What the coding agent does vs what the harness does
| Responsibility | Coding agent | Harness infrastructure |
|---|---|---|
| Edits | agent/agent.py, workspace/learnings.md | All other files |
| Analysis | Reads train traces, identifies patterns | Writes traces to workspace/traces/latest/ |
| Gating | Runs gating.py, interprets exit code | Executes benchmark, checks pass rates and score |
| Recording | Runs record.py with correct args | Appends row to results.tsv, validates commit |
| Memory | Appends to learnings.md each iteration | Maintains suite.json, results.tsv, train_results.json |
Train/test split and anti-cheating design
Every benchmark is split into a train portion and a test portion at setup time byprepare.py. The coding agent can run the train split freely and read its traces. The test split is reserved for gating: gating.py always runs the full test benchmark as Step 2, but the resulting traces are never written to disk.
This is a deliberate structural constraint. Because test traces are never saved, the coding agent has no way to read test failures and tune agent/agent.py specifically against them. Improvements must generalize from the train split to the test split, which is what the val_score gate measures.
The only traces available in
workspace/traces/ are from the train split. Test-split execution happens inside gating.py and its output is discarded after the score is extracted.learnings.md as cross-iteration memory
workspace/learnings.md is the agent’s persistent log across all iterations.
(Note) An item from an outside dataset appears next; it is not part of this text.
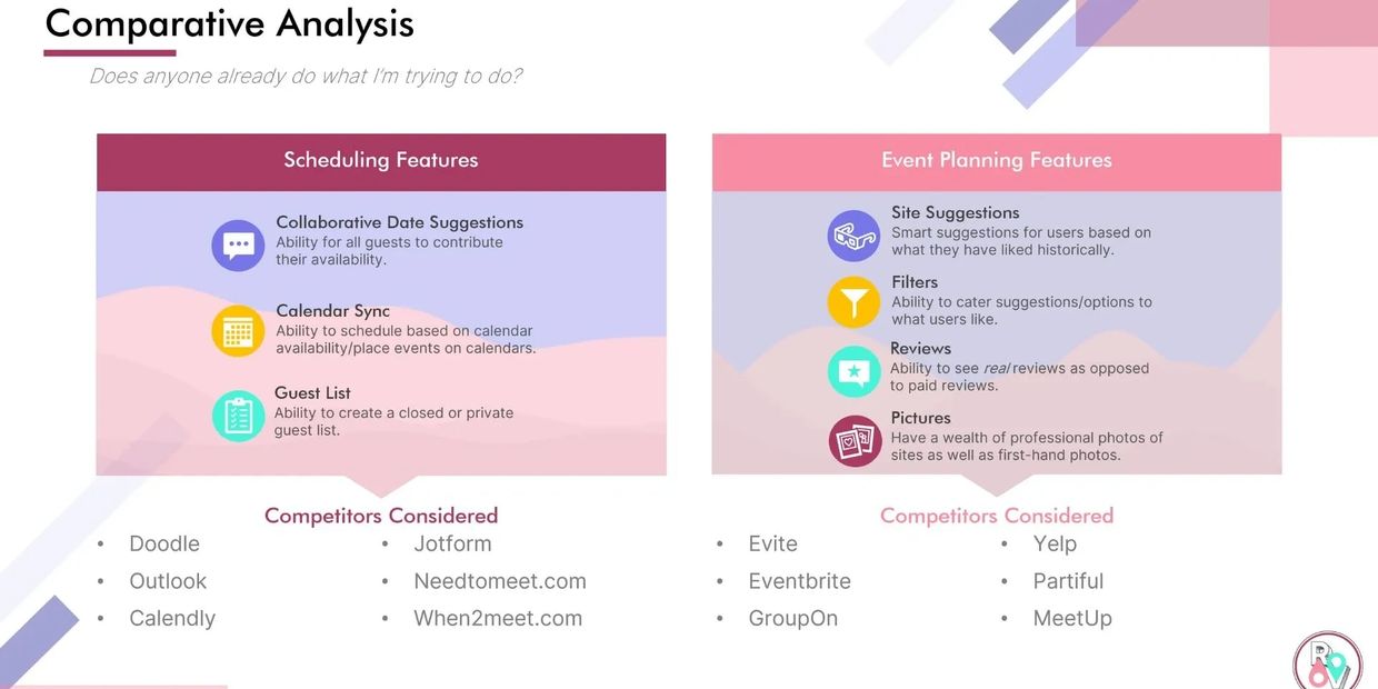 Through comparative analysis, it became clear that currently existing websites do not have cross-over in the features I was seeking for RendezView. My ideal outcome was to bridge the gap of scheduling applications, event planning/suggesting, and review sites. Of the 12 competitors I reviewed, 3 checked the most features, excited, and inspired me. These included when2meet.com, Partiful, and Yelp.

After every iteration — regardless of whether the gate passed or failed — the agent appends a structured entry covering what it tried, what patterns it confirmed, what worked, and what it needs from the human operator.
Because workspace/ is gitignored, learnings.md is not subject to the file guard in gating.py. The agent can edit it freely at any point without affecting the gate outcome. Over many iterations the file accumulates a detailed record of the optimization trajectory, which informs future hypotheses and surfaces persistent failure modes that need human attention.